---------- Data extract ----------
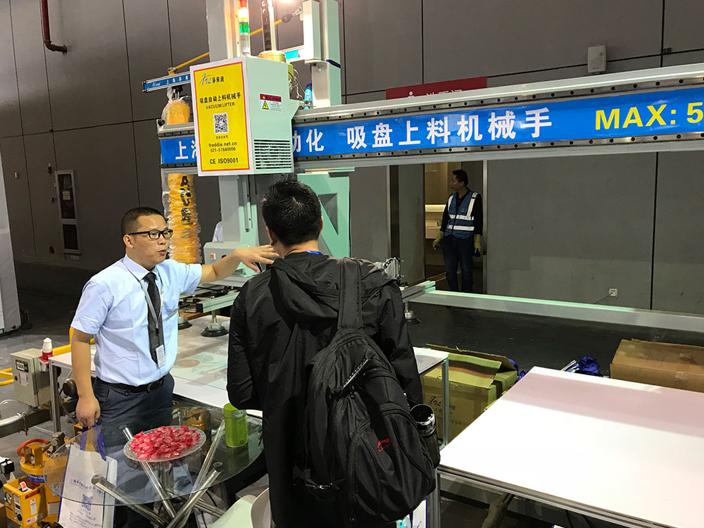 这届工博会共有9大 展。走进展馆,无论是哪个工业门类,无论是单一零部件还是生产线,“创新”已成为工博会最重要的主线。上海孚来迪自动化设备有限公司的真空吸盘设备、吸盘自动上料机械手、分张功能等在展会上非常受关注,国内外客户纷纷到展台了解设备技术性能,孚来迪工程师给予热情 的讲解和指导。
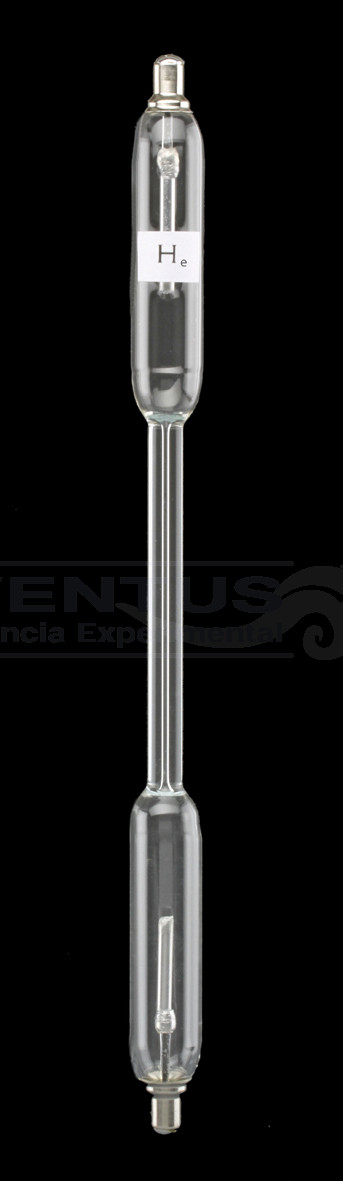 Tubo espectral con gas helio para la visualización de líneas espectrales.
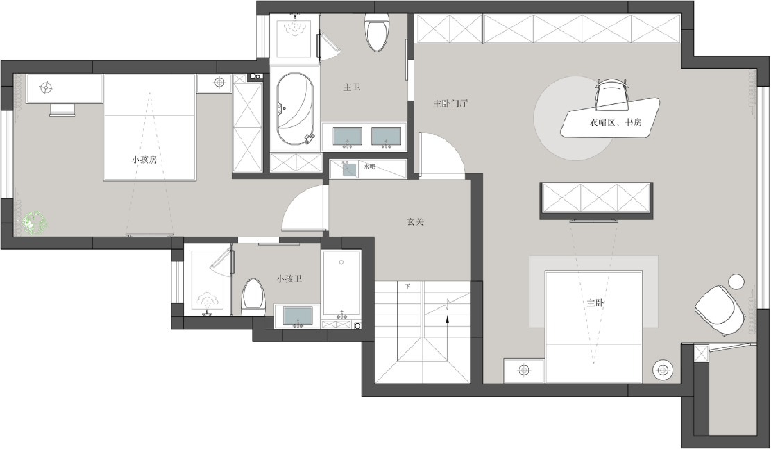 4?二樓作為主要的休息區(qū),是一個大套房和小套房,滿足了日常的人口居住需求,同時提升了生活品質(zhì)。
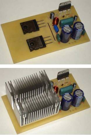 All non-electrolytic capacitors, except for C2, film, 1 uF input capacitance can be replaced 2.2uF. Power of resistors are selected using a 0.25W, although 0.125W is still insufficient. Output transistors of Monoblock Car Amplifier mounted bent and pressed so that their position parallel to the board, to remove heat, a heatsink for transistor 2SC5200 and 2SA1943 and is required. Do not forget to provide insulation and thermal paste between the heatsink and transistors. Inductor L1 frameless, coiled wire diameter of 1 mm in two layers and contains 25 turns, the inner diameter of 5 mm.
----------
◆ What is expected
Output only the lines that run from the line containing "4?二樓作為主要的休息區(q" to the last line of the data, exactly as they stand and without pictures.

◆ Answer below
 4?二樓作為主要的休息區(qū),是一個大套房和小套房,滿足了日常的人口居住需求,同時提升了生活品質(zhì)。
 All non-electrolytic capacitors, except for C2, film, 1 uF input capacitance can be replaced 2.2uF. Power of resistors are selected using a 0.25W, although 0.125W is still insufficient. Output transistors of Monoblock Car Amplifier mounted bent and pressed so that their position parallel to the board, to remove heat, a heatsink for transistor 2SC5200 and 2SA1943 and is required. Do not forget to provide insulation and thermal paste between the heatsink and transistors. Inductor L1 frameless, coiled wire diameter of 1 mm in two layers and contains 25 turns, the inner diameter of 5 mm.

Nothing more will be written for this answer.